= Elin O'Hara Slavick =

American artist and poet

elin o'Hara slavick is an interdisciplinary artist, poet, professor, curator, critic and activist. She began teaching in the department of art at the University of North Carolina at Chapel Hill in 1994, where she held the titles of distinguished term professor, associate chair and director of graduate studies. She was the Artist-in-Residence in the College of Health Sciences, UC, Irvine 2022-2025. She was the Huntington Art and Research Fellow at Caltech in 2022.

== Career ==
Slavick received a BA from Sarah Lawrence College and a MFA in photography from the School of the Art Institute of Chicago. Her work has been exhibited internationally in both solo and group exhibitions. Her published books include Bomb After Bomb: A Violent Cartography (with a forward from Howard Zinn) and After Hiroshima (with an essay by James Elkins). She was once represented by Cohen Gallery in Los Angeles.

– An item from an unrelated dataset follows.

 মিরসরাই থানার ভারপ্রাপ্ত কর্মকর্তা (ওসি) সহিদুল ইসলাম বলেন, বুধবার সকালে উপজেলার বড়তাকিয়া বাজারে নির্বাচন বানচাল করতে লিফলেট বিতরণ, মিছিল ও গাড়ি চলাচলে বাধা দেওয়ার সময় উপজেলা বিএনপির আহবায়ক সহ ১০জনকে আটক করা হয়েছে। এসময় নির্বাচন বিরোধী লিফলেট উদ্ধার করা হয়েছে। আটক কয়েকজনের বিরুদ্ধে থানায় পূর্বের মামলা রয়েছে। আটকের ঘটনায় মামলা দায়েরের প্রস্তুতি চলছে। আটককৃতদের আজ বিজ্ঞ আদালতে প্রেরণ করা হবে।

In 2018, she has published a chapbook of Surrealist poems entitled Cameramouth (SurVision Books, Ireland.) She published Holding History In Our Hand on the 75th commemoration of Hiroshima and Nagasaki. The book was commissioned by the Peace Resource Center at Wilmington College in Ohio. A video adaptation of the book was commissioned for the 80th commemoration for the exhibition Memorializing the Hibakusha Experience at Wilmington College in 2025. Slavick collaborated with Madeleine Richardson on the film, Holding History in Our Hand.

== Personal life ==
Slavick was raised by a German mother and a nationless Catholic father, and began taking photographs as a very young child. Her parents were progressive pacifists, activists against war and hunger, greed and corruption. Slavick is married to epidemiologist David Richardson and has two children.